About this exercise - Give the data back exactly. Leave out any images.

Extracted material -
---

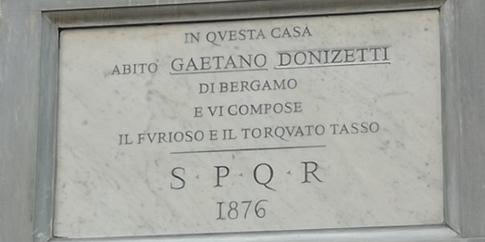 La lapide apposta dal comune di Roma a segnalare il luogo di permanenza del compositore, mostra all’occhio attento un dettaglio curioso.
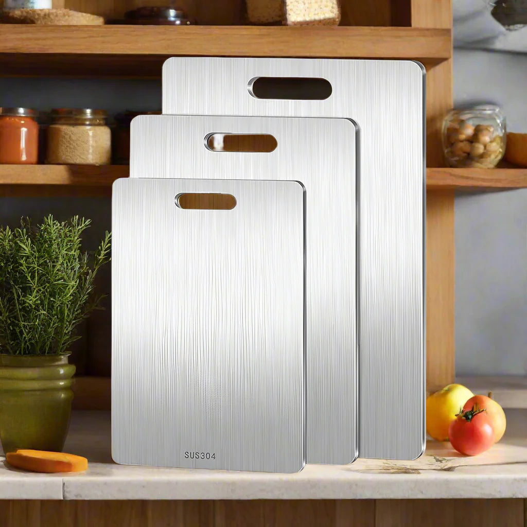 Titanium Kitchen Chopping Board är byggd av högkvalitativt titan, vilket säkerställer att den står emot de tuffaste snitten. Den dubbel-sidiga ytan gör att du kan förbereda olika livsmedel utan korskontaminering. Säker för alla livsmedelstyper och lätt att rengöra, vilket gör ditt liv enklare.
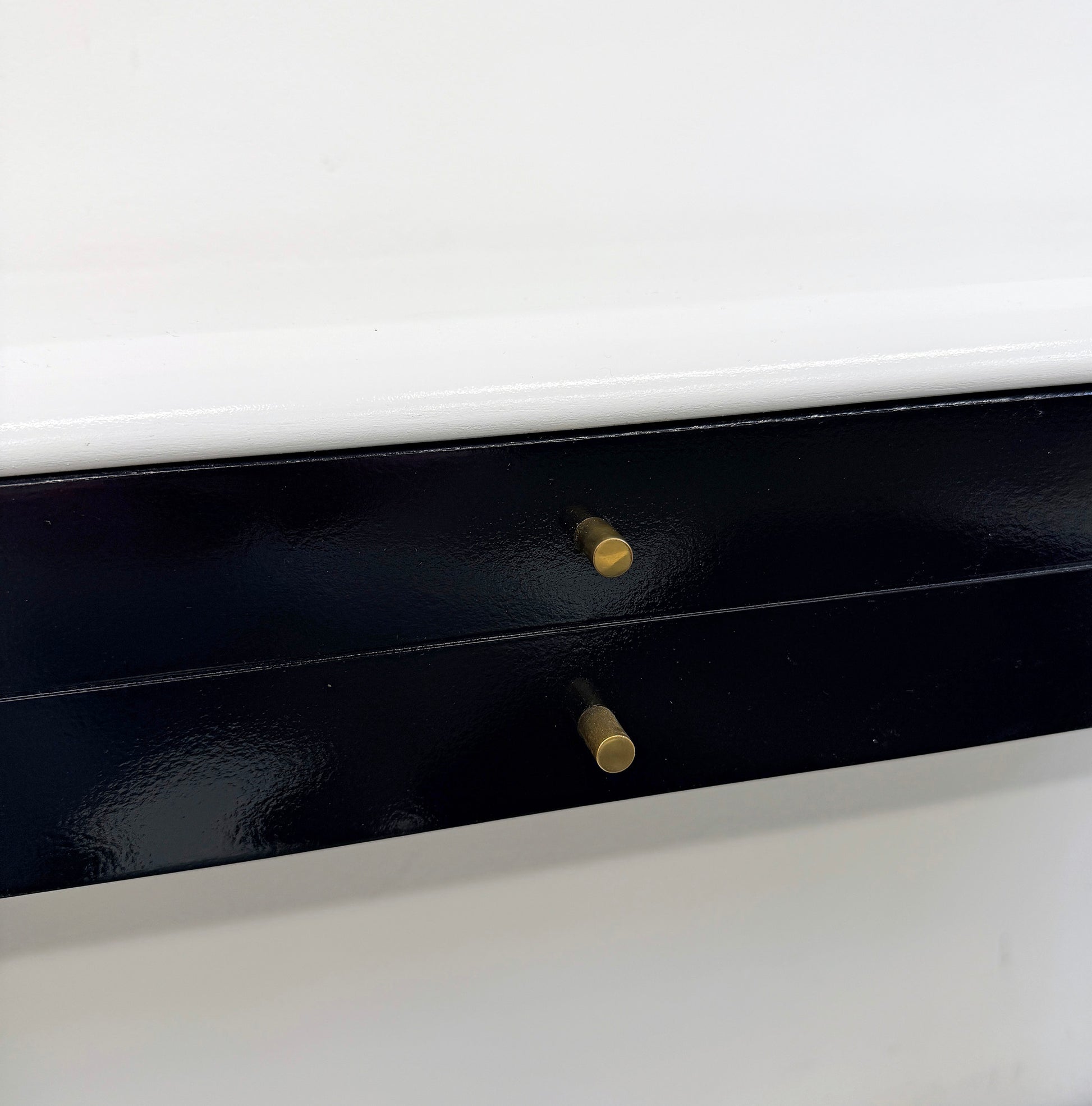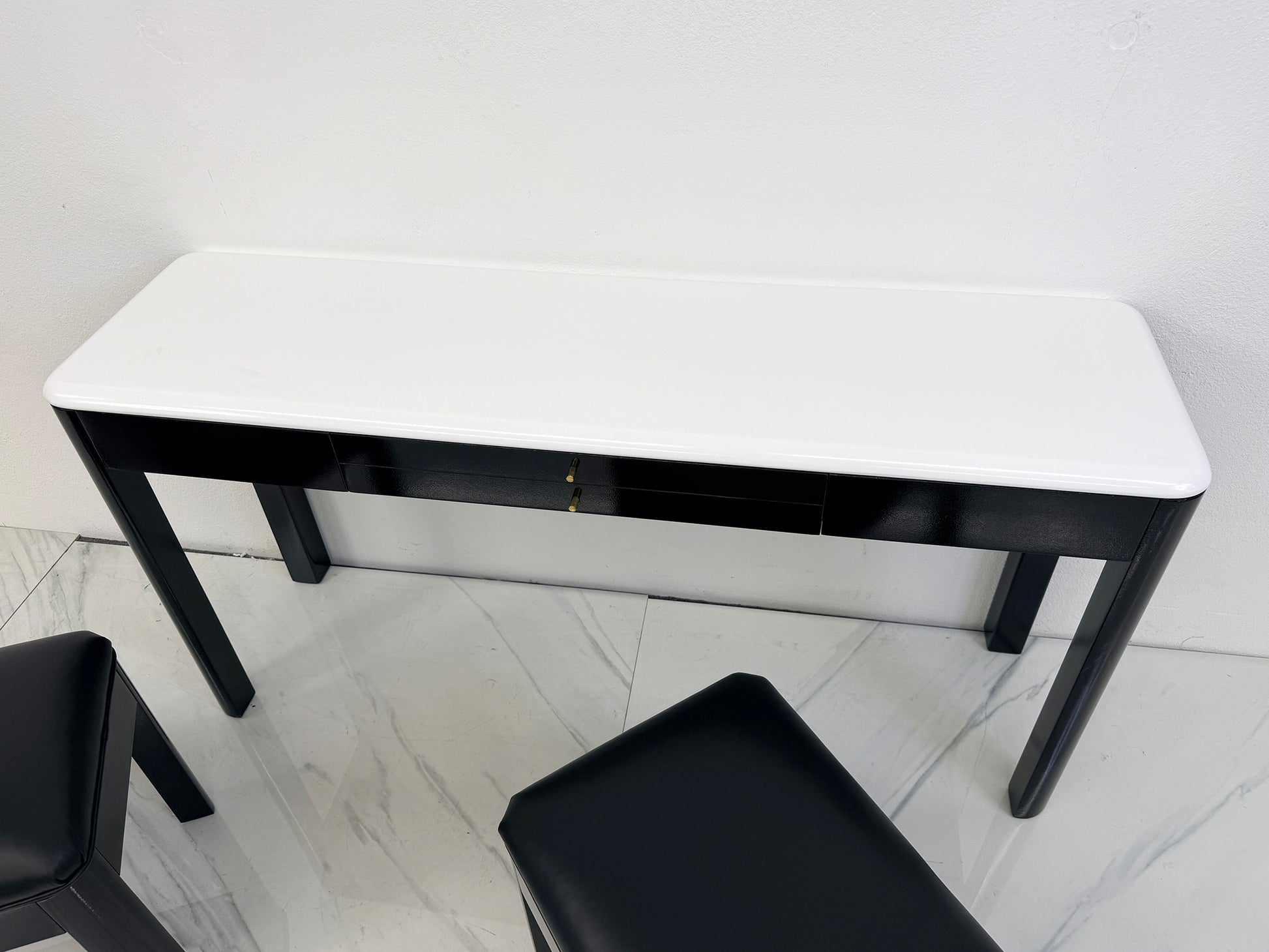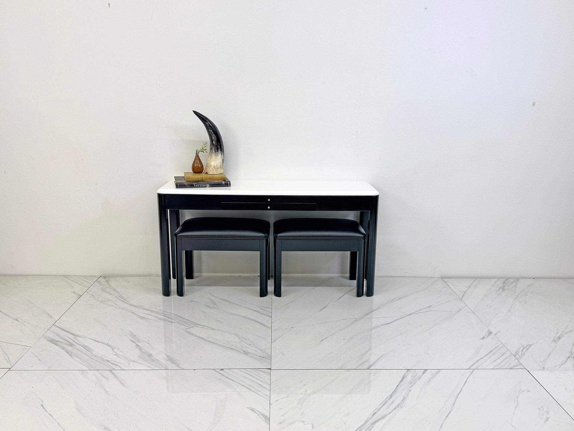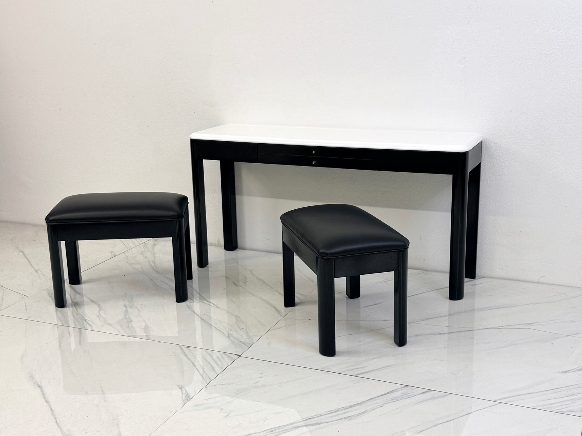 The glossy white top brings a fresh, almost lacquered brightness that plays beautifully against the deep black Italian leather upholstery of the benches—smooth, tailored, and unmistakably luxe. The benches tuck seamlessly beneath the console, keeping the footprint clean while offering that perfect, considered functionality. It’s giving André Arbus energy-- elegant, practical, and beautifully resolved.
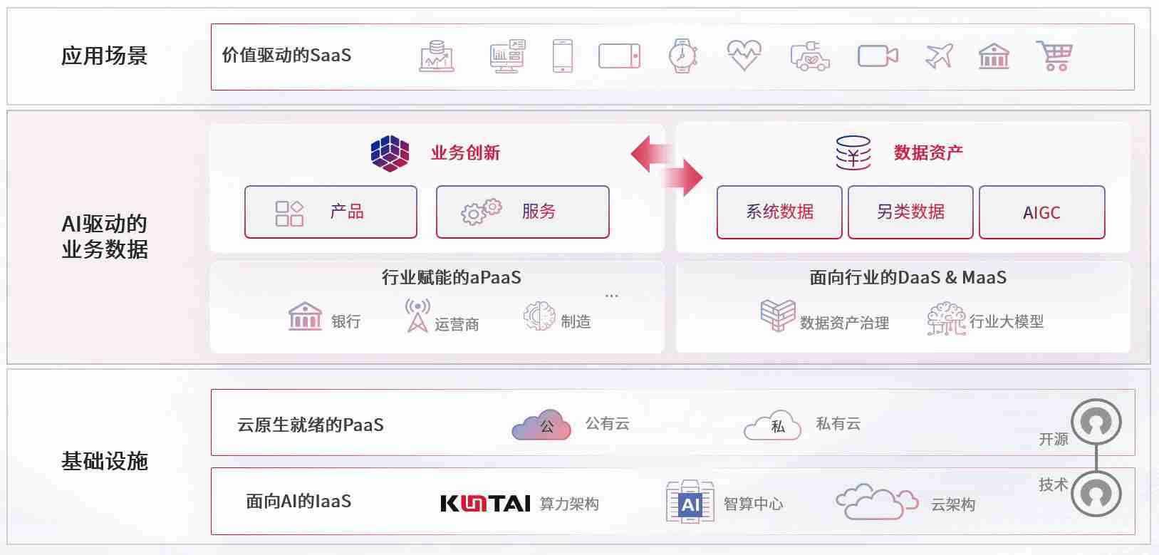 数字时代,,,,围绕企业数字化转型的关键要素,,,,恒行6数码开创性的提出数云融合战略和技术体系框架,,,,着力在云原生、、、、数字原生、、AI原生和信创产业上架构产品和服务能力,,为处在不同数字化转型阶段的快消零售、、汽车、、、、金融、、医疗、、政企、、、、教育、、、、运营商等行业客户提供泛在的敏捷IT能力和融合的数据驱动能力,,,,构建跨界融合创新的数字业务场景和新业务模式,,助力企业级客户建立面向未来的核心能力和竞争优势,,全面推动社会的数字化、、、、智能化转型升级。。。。
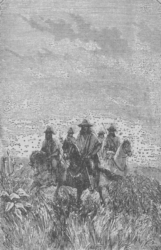 他们在相距约百码的地方停住了,你喊我叫,手舞足蹈,仿佛在商量什么。哥尼纳凡走向他们,但是还没有走几码远,那群土著人便勒马掉头,一溜烟消失得无影无踪。爵士那疲乏的马绝对是追不上的。
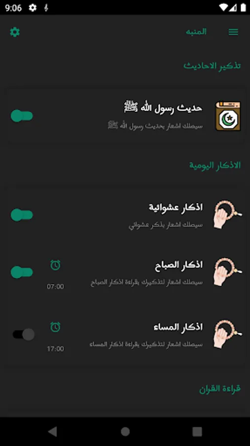 3- The possibility of listening to the Holy Qur’an for many famous reciters
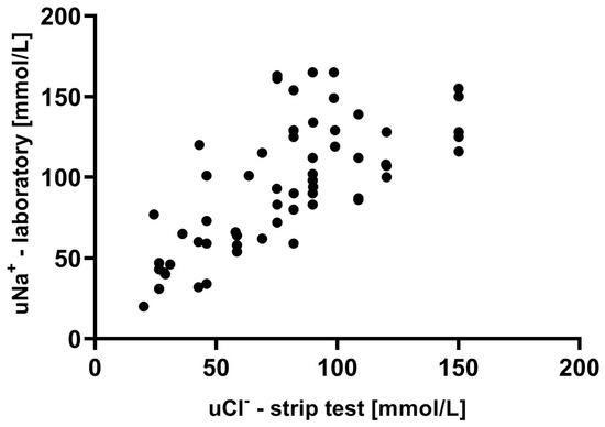 The presented study shows a high correlation between the urine chloride evaluated in strip tests and urine chloride and/or sodium assessment using the gold-standard laboratory method. The results of this study reveal several significant implications.
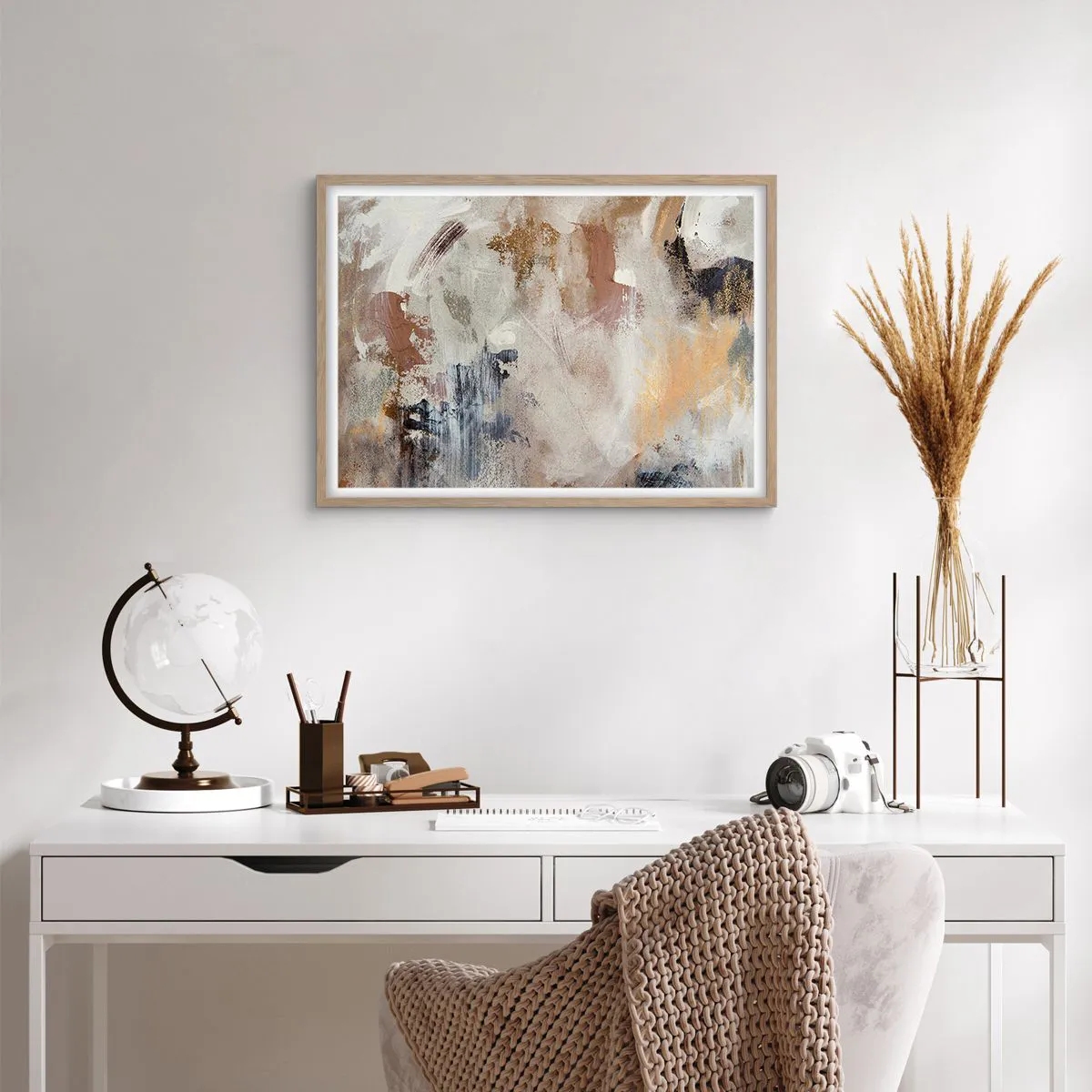 Poster in light oak frame - Foggy Abstract - 70x50 cm

---

Expected answer -
 La lapide apposta dal comune di Roma a segnalare il luogo di permanenza del compositore, mostra all’occhio attento un dettaglio curioso.
 Titanium Kitchen Chopping Board är byggd av högkvalitativt titan, vilket säkerställer att den står emot de tuffaste snitten. Den dubbel-sidiga ytan gör att du kan förbereda olika livsmedel utan korskontaminering. Säker för alla livsmedelstyper och lätt att rengöra, vilket gör ditt liv enklare.
 The glossy white top brings a fresh, almost lacquered brightness that plays beautifully against the deep black Italian leather upholstery of the benches—smooth, tailored, and unmistakably luxe. The benches tuck seamlessly beneath the console, keeping the footprint clean while offering that perfect, considered functionality. It’s giving André Arbus energy-- elegant, practical, and beautifully resolved.
 数字时代,,,,围绕企业数字化转型的关键要素,,,,恒行6数码开创性的提出数云融合战略和技术体系框架,,,,着力在云原生、、、、数字原生、、AI原生和信创产业上架构产品和服务能力,,为处在不同数字化转型阶段的快消零售、、汽车、、、、金融、、医疗、、政企、、、、教育、、、、运营商等行业客户提供泛在的敏捷IT能力和融合的数据驱动能力,,,,构建跨界融合创新的数字业务场景和新业务模式,,助力企业级客户建立面向未来的核心能力和竞争优势,,全面推动社会的数字化、、、、智能化转型升级。。。。
 他们在相距约百码的地方停住了,你喊我叫,手舞足蹈,仿佛在商量什么。哥尼纳凡走向他们,但是还没有走几码远,那群土著人便勒马掉头,一溜烟消失得无影无踪。爵士那疲乏的马绝对是追不上的。
 3- The possibility of listening to the Holy Qur’an for many famous reciters
 The presented study shows a high correlation between the urine chloride evaluated in strip tests and urine chloride and/or sodium assessment using the gold-standard laboratory method. The results of this study reveal several significant implications.
 Poster in light oak frame - Foggy Abstract - 70x50 cm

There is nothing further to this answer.